We New Testament saints receive the Spirit of the glorified Christ, with the full Christ and all His benefits, at once, as soon as He regenerates us, takes up His abode in us, baptizes us into Christ’s Body, the Church, and unites us to Christ by a true and living faith. Certainly, the blessing of Pentecost is ours, every bit as much as it was the blessing of the 120 in the upper room in Jerusalem; certainly, we share in Pentecost, as really and fully as if we had been among those 120 believers. This is as necessary as our sharing in the death and resurrection of Christ. If one does not share in Christ’s death and resurrection, or in Pentecost, he simply is not saved. But I do not share in Christ’s death by that death’s being repeated somehow in my personal history and experience. I share in Christ’s death and resurrection by faith: by faith, I am crucified with Christ and rise with Him. Just so, by this same faith I share in Pentecost. The blessing of that great day, now almost 2000 years past, becomes mine personally through the faith, worked in me by the Spirit, that unites me to Christ and to His Body, the Church, to whom the Spirit was then given and in whom the Spirit dwells forever. This is the teaching of Galatians 3: ‘that we might receive the promise of the Spirit through faith’ (v.14).

The Gift of Tongues

The other of the two outstanding features of Pentecostalism is its doctrine, and alleged practice, concerning extraordinary gifts of the Spirit, especially tongues. For this too, it claims to find support in Scripture, particularly I Corinthians 12-14. What is the Reformed answer to this teaching and its appeal to the Bible?
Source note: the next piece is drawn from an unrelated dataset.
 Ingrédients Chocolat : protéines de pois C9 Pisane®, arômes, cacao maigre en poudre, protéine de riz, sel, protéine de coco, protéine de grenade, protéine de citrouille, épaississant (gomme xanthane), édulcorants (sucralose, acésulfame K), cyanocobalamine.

There was, in the time of the apostles, a gift of tongues, whether this gift be explained as the ability to speak foreign languages without having learned them, or as the ability to speak totally new, unknown languages. I Corinthians 14 indicates that at least one aspect of the gift of tongues in those days was the ability to speak in an altogether new, unknown language. No one, including the speaker, understood what was said (vss.2, 14). Interpretation of the tongue was, like the tongue itself a gift of the Spirit (v.13. cf. I Cor. 12:I0). The speaker in tongues did not speak to men, but to God (v.2). The benefit of it was not the edification of others, but his own edification (v.4). ‘In the spirit,’ the tongues-speaker ‘speaketh mysteries’ (v.2).
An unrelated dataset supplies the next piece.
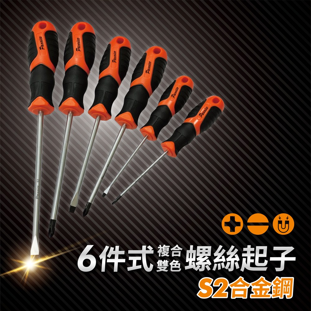 PANRICO 百利世 6件式複合雙色螺絲起子組,是您居家修繕、DIY創作的最佳幫手。採用S2合金鋼材質,經過特殊熱處理,堅固耐用,確保長期使用不變形。起子頭帶有磁性,讓您在施工時輕鬆吸附螺絲,避免掉落,提高工作效率。PP+TPR雙色複合手柄,防滑設計符合人體工學,握感舒適,長時間使用也不易疲勞。無論是十字或一字螺絲,這組螺絲起子都能輕鬆應對,適用於各種鎖固與拆卸需求。

There were also other extraordinary gifts of the Spirit in those days: the gift of receiving special revelations from God; the gift of casting out devils; the gift of taking up serpents; the gift of drinking deadly things without hurt; the gift of healing the sick by laying on of hands; and the gift of raising the dead (cf. Mark 16:17,18; I Cor. 12:1-11).
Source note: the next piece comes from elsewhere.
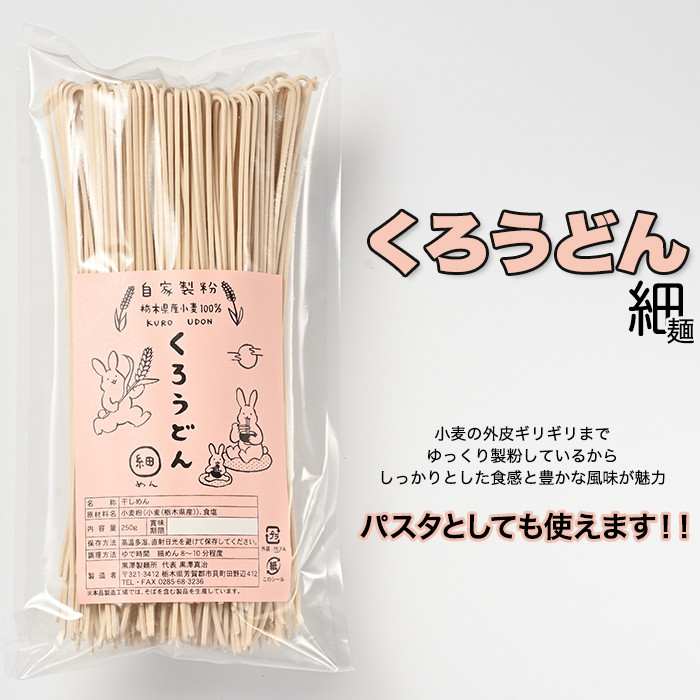 小麦の風味豊かなうどんです。是非ご賞味ください。 くろうどん 細 6束入◇ ≪饂飩 無農薬 栃木県産 小麦≫

Among these gifts, the ability to speak in tongues was a gift of lesser importance. In the list of gifts in I Corinthians 12:28-31, tongues and interpretation of tongues come at the end and are not among the ‘best gifts’ which the Corinthians should covet. I Corinthians 14:39 merely instructs the Corinthians not to forbid tongues, whereas it exhorts them to covet prophecy. Throughout I Corinthians 14, the apostle minimizes the importance of tongues in comparison with prophecy, while exposing the many abuses of the gift of tongues among the Corinthians. Also, tongues was a gift that was not possessed by all the Corinthians, or expected to be possessed by all (I Cor. 12:20). It is passing strange, to say the very least, that Pentecostalism, with all its bluster of restoring New Testament Christianity, makes tongues the gift of the Spirit, par excellence, ascribing to it, both in theory and in practice, a preeminence that it did not have even in the days of the apostles, and that Pentecostalism holds that every Christian should possess this gift, as if Paul had never written, ‘Do all speak with tongues?’.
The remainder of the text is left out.